1. The present invention provides a paste composition for forming a catalyst layer, comprising (1) an aqueous dispersion of catalyst-supporting carbon particles, and (2) a hydrogen ion conductive polymer electrolyte and (3) a solvent, wherein the solvent is propylene glycol; It is a paste composition for forming a catalyst layer, which is at least one selected from the group consisting of ethylene glycol, diethylene glycol and N-methylpyrrolidone.
2. The present invention is the paste composition according to the above item 1, further comprising a monohydric alcohol solvent.
3. The present invention is the paste composition according to the above item 2, wherein the monohydric alcohol solvent is 1-butanol.

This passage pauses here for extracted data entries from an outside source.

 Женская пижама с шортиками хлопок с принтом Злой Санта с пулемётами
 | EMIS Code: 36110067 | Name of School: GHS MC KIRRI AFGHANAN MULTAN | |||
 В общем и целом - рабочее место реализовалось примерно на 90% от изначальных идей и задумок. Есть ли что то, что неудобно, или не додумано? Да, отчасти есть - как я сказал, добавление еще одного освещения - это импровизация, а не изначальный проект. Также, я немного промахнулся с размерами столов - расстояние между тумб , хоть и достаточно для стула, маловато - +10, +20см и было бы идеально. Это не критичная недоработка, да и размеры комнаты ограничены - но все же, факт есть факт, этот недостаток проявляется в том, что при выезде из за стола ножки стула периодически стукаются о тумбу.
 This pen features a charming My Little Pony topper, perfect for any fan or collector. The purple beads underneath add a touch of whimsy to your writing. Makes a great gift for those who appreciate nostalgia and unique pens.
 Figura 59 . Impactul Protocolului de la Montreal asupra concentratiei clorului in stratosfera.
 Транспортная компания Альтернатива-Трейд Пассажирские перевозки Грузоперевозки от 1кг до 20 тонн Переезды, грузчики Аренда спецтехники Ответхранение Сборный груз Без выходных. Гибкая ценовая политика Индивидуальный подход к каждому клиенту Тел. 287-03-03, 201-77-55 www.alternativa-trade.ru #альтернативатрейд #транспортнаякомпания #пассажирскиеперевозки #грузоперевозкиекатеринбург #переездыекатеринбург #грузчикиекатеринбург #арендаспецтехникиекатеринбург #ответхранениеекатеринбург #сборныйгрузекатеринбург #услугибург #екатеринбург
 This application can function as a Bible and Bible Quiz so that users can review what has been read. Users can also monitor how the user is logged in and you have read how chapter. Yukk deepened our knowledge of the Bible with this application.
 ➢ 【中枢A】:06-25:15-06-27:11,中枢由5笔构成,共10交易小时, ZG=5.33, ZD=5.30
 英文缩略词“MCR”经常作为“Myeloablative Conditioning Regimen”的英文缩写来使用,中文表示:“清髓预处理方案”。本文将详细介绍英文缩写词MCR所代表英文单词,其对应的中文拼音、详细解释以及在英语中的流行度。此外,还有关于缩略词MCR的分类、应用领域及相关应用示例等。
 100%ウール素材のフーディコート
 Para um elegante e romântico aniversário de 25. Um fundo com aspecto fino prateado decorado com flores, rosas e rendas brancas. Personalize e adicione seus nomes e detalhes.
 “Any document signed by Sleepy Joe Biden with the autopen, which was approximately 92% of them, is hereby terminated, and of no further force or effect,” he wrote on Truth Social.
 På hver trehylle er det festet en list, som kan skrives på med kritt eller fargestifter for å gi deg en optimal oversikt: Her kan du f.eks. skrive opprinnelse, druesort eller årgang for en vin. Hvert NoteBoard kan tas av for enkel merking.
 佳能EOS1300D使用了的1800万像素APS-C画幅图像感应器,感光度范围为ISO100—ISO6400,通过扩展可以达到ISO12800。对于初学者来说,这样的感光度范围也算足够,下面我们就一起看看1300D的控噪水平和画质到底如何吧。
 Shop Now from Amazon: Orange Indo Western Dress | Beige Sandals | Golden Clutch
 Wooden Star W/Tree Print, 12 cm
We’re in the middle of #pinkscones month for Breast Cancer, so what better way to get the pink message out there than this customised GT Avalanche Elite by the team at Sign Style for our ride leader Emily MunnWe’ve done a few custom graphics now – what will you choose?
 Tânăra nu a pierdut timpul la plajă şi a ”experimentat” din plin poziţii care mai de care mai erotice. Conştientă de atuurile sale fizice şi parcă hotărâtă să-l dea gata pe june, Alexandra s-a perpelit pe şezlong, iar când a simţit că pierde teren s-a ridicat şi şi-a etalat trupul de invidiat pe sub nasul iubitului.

4. The present invention is a transfer sheet for manufacturing a catalyst layer-electrolyte membrane laminate, which is obtained by applying the paste composition according to any one of the above 1 to 3 on a base material and drying to form a catalyst layer. .
5. The present invention is to apply a paste composition according to any one of the above 1 to 3, on a release layer of a substrate having a release layer formed on at least one side, and to form a catalyst layer by drying. Transfer sheet for producing a catalyst layer-electrolyte membrane laminate.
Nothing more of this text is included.